▶ [ENTRIES SHOWN]
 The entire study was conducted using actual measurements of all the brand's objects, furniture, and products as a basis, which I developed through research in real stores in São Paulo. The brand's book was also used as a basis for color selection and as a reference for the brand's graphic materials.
* * *
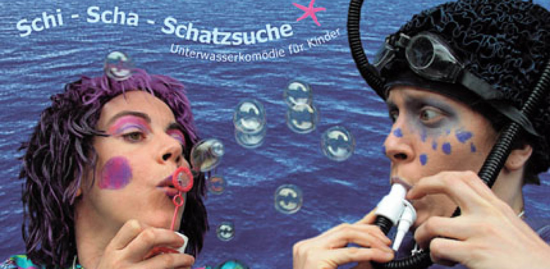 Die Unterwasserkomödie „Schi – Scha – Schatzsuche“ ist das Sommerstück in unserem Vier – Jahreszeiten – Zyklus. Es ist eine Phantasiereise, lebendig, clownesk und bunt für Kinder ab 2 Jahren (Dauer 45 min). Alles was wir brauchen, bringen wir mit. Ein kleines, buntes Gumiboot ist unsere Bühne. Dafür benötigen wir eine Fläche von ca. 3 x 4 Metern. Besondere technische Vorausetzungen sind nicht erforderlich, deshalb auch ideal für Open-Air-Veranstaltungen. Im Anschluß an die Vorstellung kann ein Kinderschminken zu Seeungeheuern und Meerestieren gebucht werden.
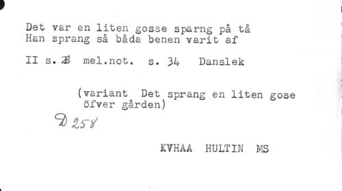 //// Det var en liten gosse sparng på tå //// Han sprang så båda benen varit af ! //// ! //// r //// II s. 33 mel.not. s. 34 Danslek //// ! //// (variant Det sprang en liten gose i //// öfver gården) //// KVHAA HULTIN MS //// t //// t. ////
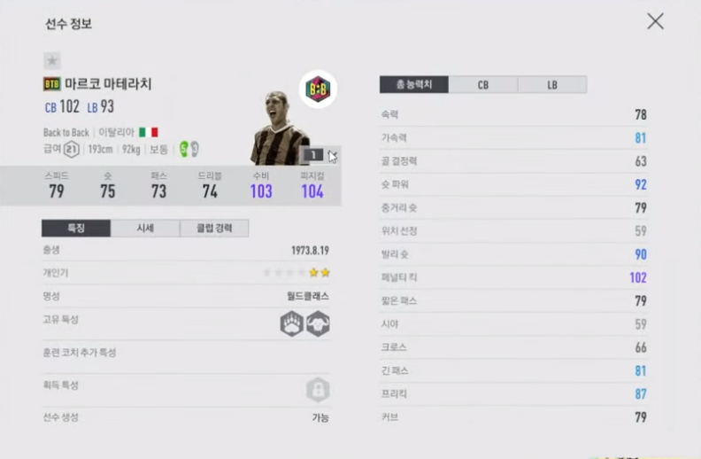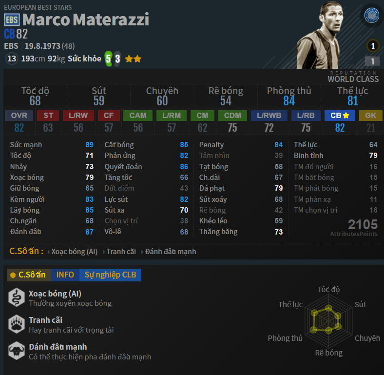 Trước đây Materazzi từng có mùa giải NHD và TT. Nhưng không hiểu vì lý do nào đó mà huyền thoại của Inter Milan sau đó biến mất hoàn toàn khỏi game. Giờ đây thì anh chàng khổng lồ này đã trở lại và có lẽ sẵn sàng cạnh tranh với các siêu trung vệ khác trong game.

▶ [THE TASK]
Write back the stretch of lines above that begins with the line holding "Die Unterwasserkomödie „Schi" and ends with the line holding "Trước đây Materazzi", both included, exactly as written. Pictures stay out.

▶ [YOUR SOLUTION]
 Die Unterwasserkomödie „Schi – Scha – Schatzsuche“ ist das Sommerstück in unserem Vier – Jahreszeiten – Zyklus. Es ist eine Phantasiereise, lebendig, clownesk und bunt für Kinder ab 2 Jahren (Dauer 45 min). Alles was wir brauchen, bringen wir mit. Ein kleines, buntes Gumiboot ist unsere Bühne. Dafür benötigen wir eine Fläche von ca. 3 x 4 Metern. Besondere technische Vorausetzungen sind nicht erforderlich, deshalb auch ideal für Open-Air-Veranstaltungen. Im Anschluß an die Vorstellung kann ein Kinderschminken zu Seeungeheuern und Meerestieren gebucht werden.
 //// Det var en liten gosse sparng på tå //// Han sprang så båda benen varit af ! //// ! //// r //// II s. 33 mel.not. s. 34 Danslek //// ! //// (variant Det sprang en liten gose i //// öfver gården) //// KVHAA HULTIN MS //// t //// t. ////
 Trước đây Materazzi từng có mùa giải NHD và TT. Nhưng không hiểu vì lý do nào đó mà huyền thoại của Inter Milan sau đó biến mất hoàn toàn khỏi game. Giờ đây thì anh chàng khổng lồ này đã trở lại và có lẽ sẵn sàng cạnh tranh với các siêu trung vệ khác trong game.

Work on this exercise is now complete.